Note: This is part two of a series. You can read part one here. When I got back from seeing the No Surrender motorcycle club in Holland, I set about tracking down a foreign fighter or two who planned on volunteering to fight ISIS in Syria and Iraq. I had been asked to make a documentary for Sky Atlantic about why people were going to fight, and the producer thought that the best way to get insight into what made these people tick was by hiring someone who had lived it, seen it, and done it.

And you know what? They were right.

I soon worked out that most of these volunteers were hooking up on social media, and through one group in particular. It was a Kurdish group called the Lions of Rojava. Rojava means “west” in Kurdish, and that meant the fighters would be based in that part of the region of Kurdistan. That meant Syria and northern Iraq—the scene of some of the very fiercest fighting against the Islamic State.
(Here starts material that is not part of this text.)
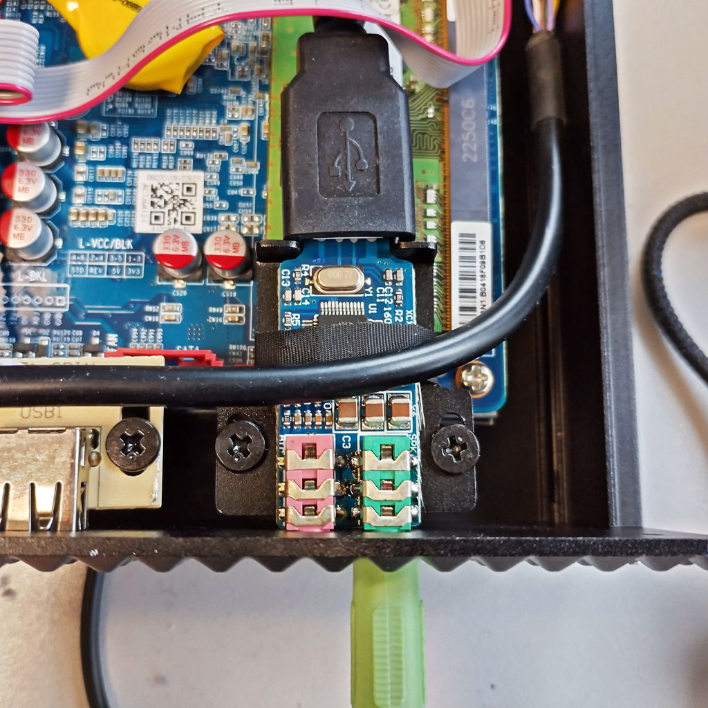 Tipp: Diese Platinen ist eine USB-Soundkarte. Bevor man das Ganze zurück baut zur Sicherheit an einem PC testen ob alles funktioniert.
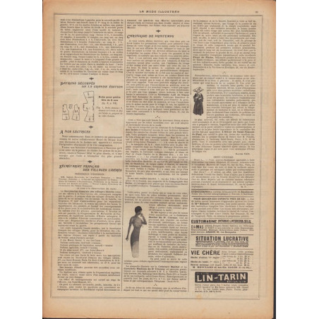 La mode illustrée appeared every week, and was accompanied by a sewing patterns board every fortnight on average.

A lot of the lads I managed to track down and talk to had similar stories. Take Jonathan (I’ve changed his name at his request) from the Midlands. Jon grew up doing a series of shit jobs in a shit town in Britain. Out of boredom, he joined the RAF as a mechanic, stayed a few years, then went back to doing more shit jobs in civvy street. He had reached a stage in his life when he was bored out of his skull and wanted something to live for. Fighting alongside the Kurds against the Islamic State gave him that purpose.

I liked Jon, and I could see a lot of my younger self in him. I’ve said many times before that my early life was a mess and I needed something to sort me out. For me, it was joining the Army; the day I signed up with the Royal Hampshires, everything changed. But there was a big difference between what Jon was signing up for and what I went through. I joined a regiment that had a long, distinguished tradition that trained me to the very highest level of soldiering and fitness, laying all the groundwork that got me into 22 SAS. Jon was going to get none of that.

I spent quite a lot of time asking him if he really understood what he was getting himself into. There was not much info on the type of training they would receive or what kit they would be issued. What about the language barrier? Did he understand just how ruthless ISIS could be on the battlefield? He would be up against the most dangerous enemy of all, driven by a lunatic fanaticism and not afraid to die.

Jon didn’t know a lot of answers to these very basic questions, which worried me. He also didn’t understand where he stood legally. Although David Cameron (then prime minister) had made it clear there was a world of difference between those British fighters who were volunteering to fight for the Islamic State (a depressing number) and those fighting alongside the Kurds, there were already signs that foreign nationals returning from the Middle East were facing questioning and or imprisonment in their country of origin. Crazy, I know, but there you go—that’s politicians for you.

At least I had managed to get the interview on camera, so I was pleased with that. I felt that at long last we were getting somewhere.